SCOTT DETROW, BYLINE: Nancy Pelosi is fed up.

NANCY PELOSI: It is the least important question you could ask, with all due respect to your list of questions there.

DETROW: But she's been hearing it all year and so have many Democratic candidates.

PELOSI: You wake up each day thinking, what can I do to advance what I believe in to make the future better? And then some reporter comes up to you and says, who are you going to vote for for leader?

DETROW: Without a Democrat in the White House, Republicans have made Pelosi a central theme of their campaigns.


UNIDENTIFIED PERSON #1: O'Connor is a vote to make Nancy Pelosi speaker. On August 7, we can stop the Pelosi-O'Connor liberal agenda.

DETROW: At the same time, a vocal Democratic call for new leadership is getting attention. Talking to NPR after another busy day of campaigning, Pelosi dismisses it all.

PELOSI: The most important thing is, what does this election mean to the American people?

DETROW: Democrats want voters to think it's about this - lower health care costs and broader access as well as a Democratic check on President Trump's power. So Pelosi is raising a lot of money, approaching $100 million, to help them get that message out.

PELOSI: It's really exciting. Are you excited? I think...


DETROW: The night before, she's standing next to the pool in the backyard of a massive Laguna Beach mansion. The hundred-thousand-dollar fundraiser is for Harley Rouda, the Democrat who's trying to defeat Orange County Republican Dana Rohrabacher. She tells the crowd she's confident Democrats will win but that the margins will be close.

PELOSI: Will it be a tsunami, or will it be a wave? And I said, well, you know, in either case, it's tiny little drops of water and all of them very close races.

DETROW: The biggest difference between Republican and Democratic House control would likely be oversight. Democrats would have power to investigate the White House.

PELOSI: You will see us use every arrow in our quiver to find the truths about what's happening with public policy, what they're doing to the environment, as we see this as a culture of corruption, cronyism and incompetence.
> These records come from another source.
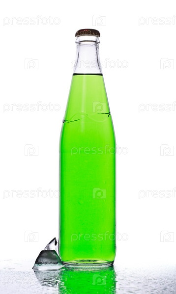 Зеленая газировка в бутылке и кубик льда, на белом фоне
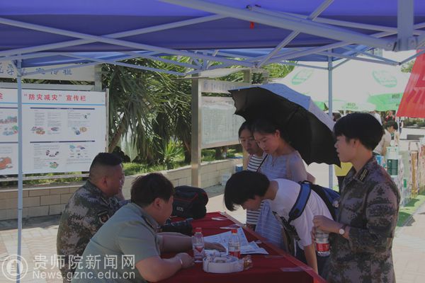 本网讯 6月7日,pp电子人民武装部联合乌当区人民武装部在学校奋斗广场举行2018年大学生征兵宣传、咨询活动。
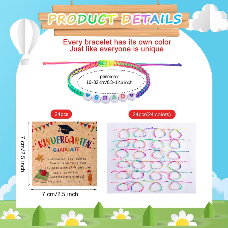 - 💖 【Perfect Graduation Keepsake Set】 Celebrate the little graduates with this delightful set! It includes 24 beaded graduation bracelets and 24 motivational wish cards, each in bright colors and playful designs. A memorable gift to commemorate this important milestone and make their graduation extra special.
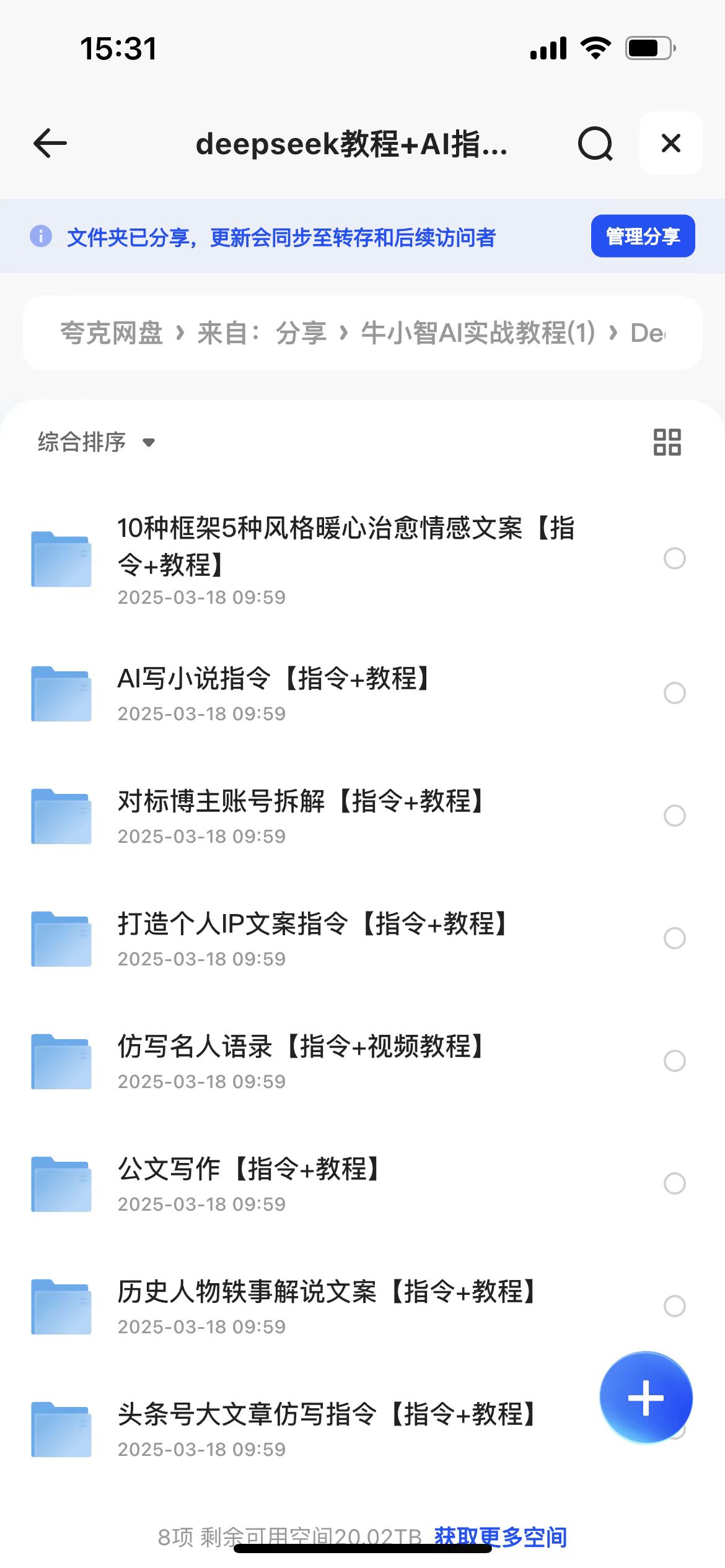 实践建议:通过以上全流程操作,即使零基础用户也能在 3 小时学习后独立完成商业级视频制作。DeepSeek + 即梦的组合不仅颠覆了传统视频创作模式,更开启了全民 AI 视频创作的新时代。不管怎么说提示词是用好AI的关键,这是我给大家准备的10000个提示词(夸克网盘分享),希望可以帮到大家。

DETROW: But while many Democratic voters want the party to use that power to begin impeachment proceedings, Pelosi and other leaders are much more cautious. That contrast was on display at an event Pelosi held with Rouda's campaign volunteers. One woman pleaded for pragmatism in a question to Pelosi; another, impeachment. Pelosi says she's used to navigating that divide.

PELOSI: That's, you know, creative tension as we call it.

DETROW: And former New York Congressman Steve Israel says that's exactly why Pelosi needs to continue leading Democrats.

STEVE ISRAEL: I don't know of anybody other than Nancy Pelosi who has been able to knit together the coalition necessary to reflect the fundamental values of Democrats and get things done.

DETROW: But it's clear many Democrats in close races are worried about Pelosi's effect on voters. Just look at the district she was campaigning in. Before the event, one of Rouda's staffers reminds the crowd...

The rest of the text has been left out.